To illustrate, let’s extend alabaster to the dgTMatrix from the Matrix package. First, the saving method:

library(Matrix)
setMethod("saveObject", "dgTMatrix", function(x, path, ...) {
    # Create a directory to stash our contents.
    dir.create(path)

    # Saving a DataFrame with the triplet data.
    df <- DataFrame(i = x@i, j = x@j, x = x@x)
    write.csv(df, file.path(path, "matrix.csv"), row.names=FALSE)

    # Adding some more information.
    write(dim(x), file=file.path(path, "dimensions.txt"), ncol=1)

    # Creating an object file.
    saveObjectFile(path, "triplet_sparse_matrix")
})

And now the reading and validation methods. The registration is usually done in the extension package’s onLoad() function.

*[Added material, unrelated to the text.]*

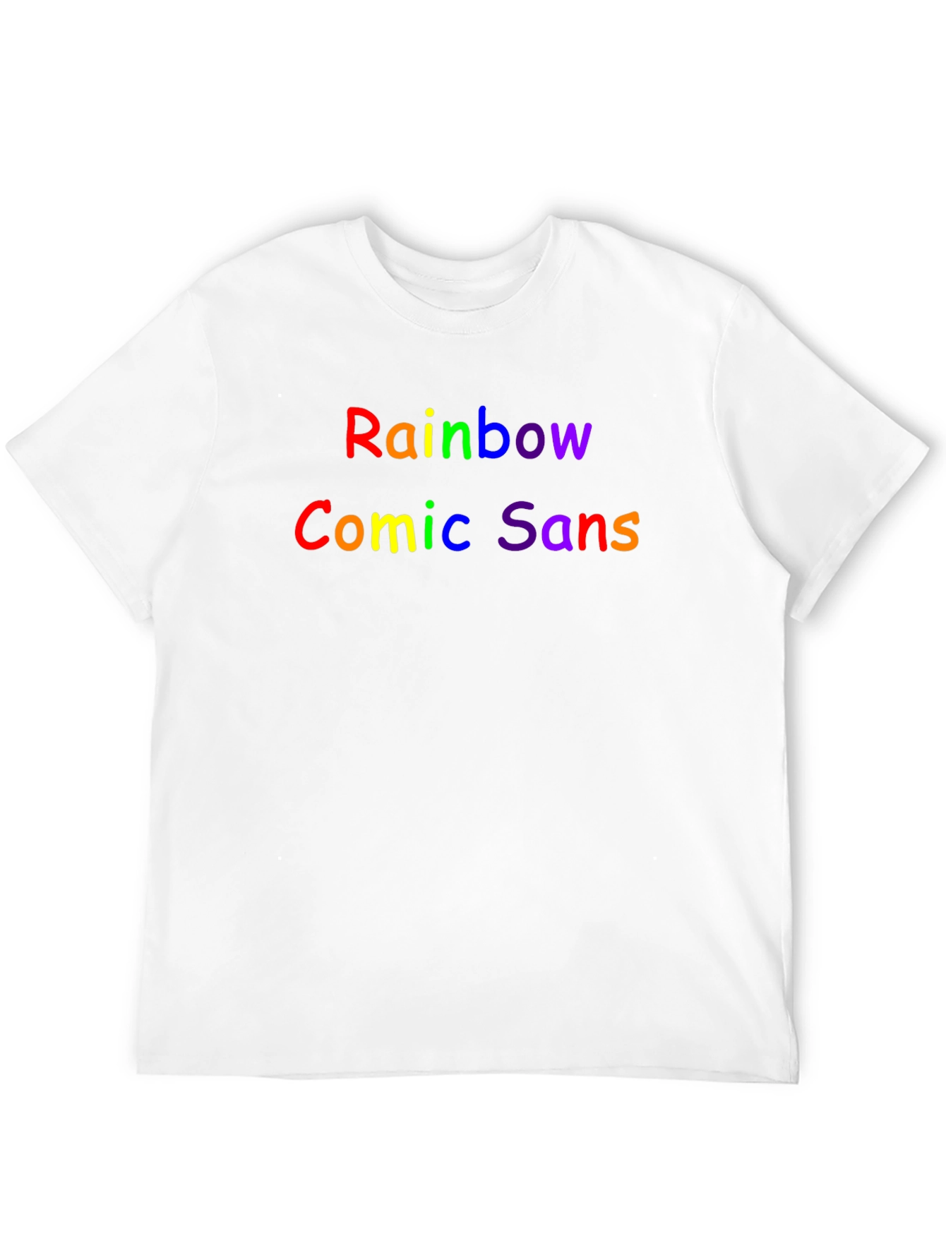 Show your love for graphic design with this black t-shirt featuring the words "Rainbow Comic Sans" in vibrant, rainbow colors. Made from a soft, comfortable fabric, this classic fit tee is perfect for casual wear. The playful design adds a pop of fun to any outfit. Ideal for everyday wear, parties, or showing off your unique style. This eye-catching shirt is sure to turn heads and spark conversations. Get yours today and make a bold statement!

readSparseTripletMatrix <- function(path, metadata, ...) {
    df <- read.table(file.path(path, "matrix.csv"), header=TRUE, sep=",")
    dims <- readLines(file.path(path, "dimensions.txt"))
    sparseMatrix(
         i=df$i + 1L, 
         j=df$j + 1L, 
         x=df$x, 
         dims=as.integer(dims),
         repr="T"
    )
}
registerReadObjectFunction("triplet_sparse_matrix", readSparseTripletMatrix)

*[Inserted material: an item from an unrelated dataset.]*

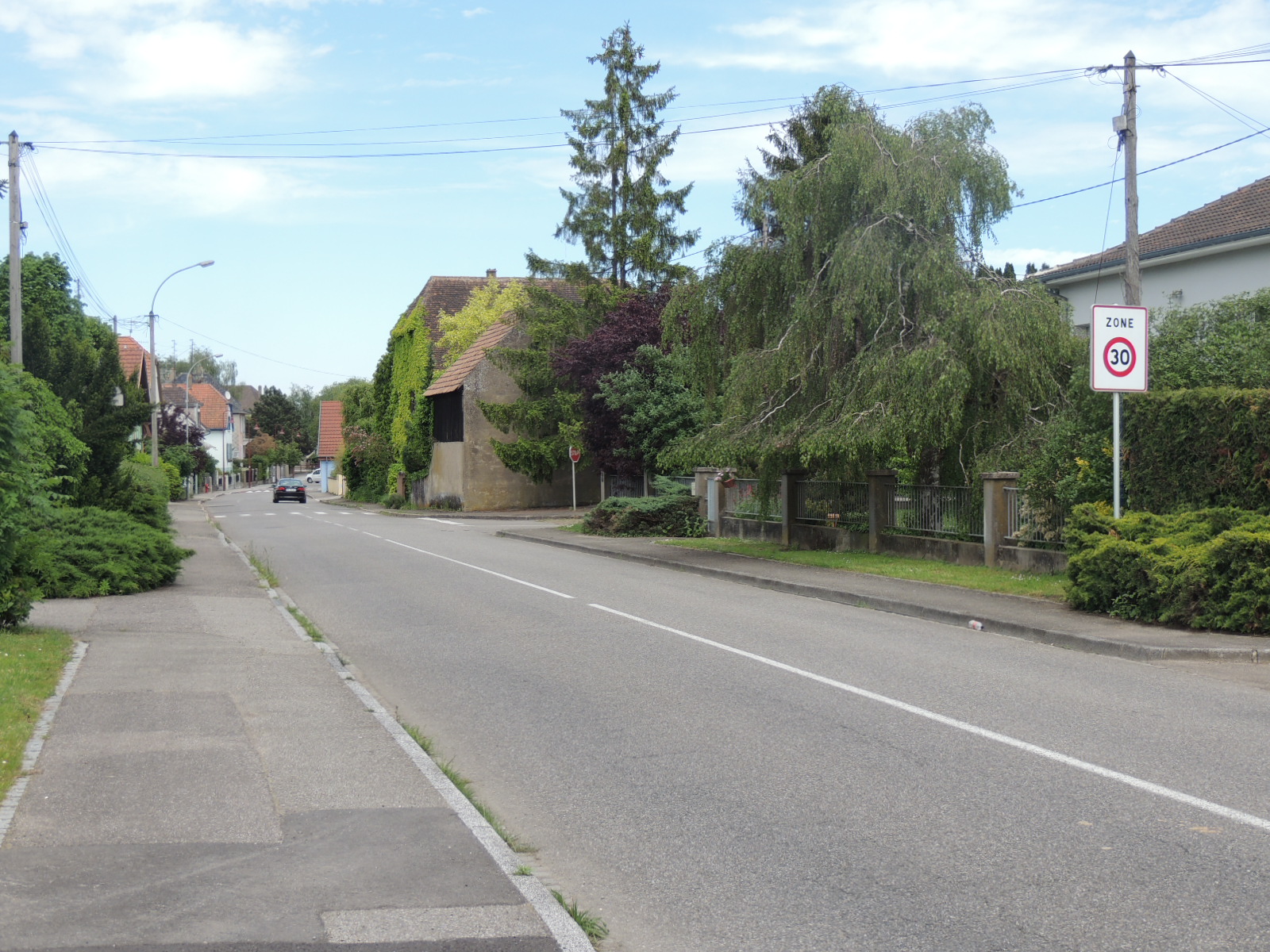 Voie limitée zone 30. Maisons.

validateSparseTripletMatrix <- function(path, metadata) {
    df <- read.table(file.path(path, "matrix.csv"), header=TRUE, sep=",")
    dims <- as.integer(readLines(file.path(path, "dimensions.txt")))
    stopifnot(is.integer(df$i), all(df$i >= 0 & df$i < dims[1]))
    stopifnot(is.integer(df$j), all(df$j >= 0 & df$j < dims[2]))
    stopifnot(is.numeric(df$x))
}
registerValidateObjectFunction("triplet_sparse_matrix", validateSparseTripletMatrix)
## NULL

Let’s run them and see how it works:

x <- sparseMatrix(
    i=c(1,2,3,5,6), 
    j=c(3,6,1,3,8), 
    x=runif(5), 
    dims=c(10, 10), 
    repr="T"
)
x
## 10 x 10 sparse Matrix of class "dgTMatrix"
##                                                          
##  [1,] .         . 0.01493559 . . .        . .         . .
##  [2,] .         . .          . . 0.735517 . .         . .
##  [3,] 0.4697597 . .          . . .        . .         . .
##  [4,] .         . .          . . .        . .         . .
##  [5,] .         . 0.83933399 . . .        . .         . .
##  [6,] .         . .          . . .        . 0.3626694 . .
##  [7,] .         . .          . . .        . .         . .
##  [8,] .         . .          . . .        . .         . .
##  [9,] .         . .          . . .        . .         . .
## [10,] .         . .          . . .        . .         . .
tmp <- tempfile()
saveObject(x, tmp)
list.files(tmp, recursive=TRUE)
## [1] "OBJECT"         "dimensions.txt" "matrix.csv"
readObject(tmp)
## 10 x 10 sparse Matrix of class "dgTMatrix"
##                                                          
##  [1,] .         . 0.01493559 . . .        . .         . .
##  [2,] .         . .          . . 0.735517 . .         . .
##  [3,] 0.4697597 . .          . . .        . .         . .
##  [4,] .         . .          . . .        . .         . .
##  [5,] .         . 0.83933399 . . .        . .         . .
##  [6,] .         . .          . . .        . 0.3626694 . .
##  [7,] .         . .          . . .        . .         . .
##  [8,] .         . .          . . .        . .         . .
##  [9,] .         . .          . . .        . .         . .
## [10,] .         . .          . . .        . .         . .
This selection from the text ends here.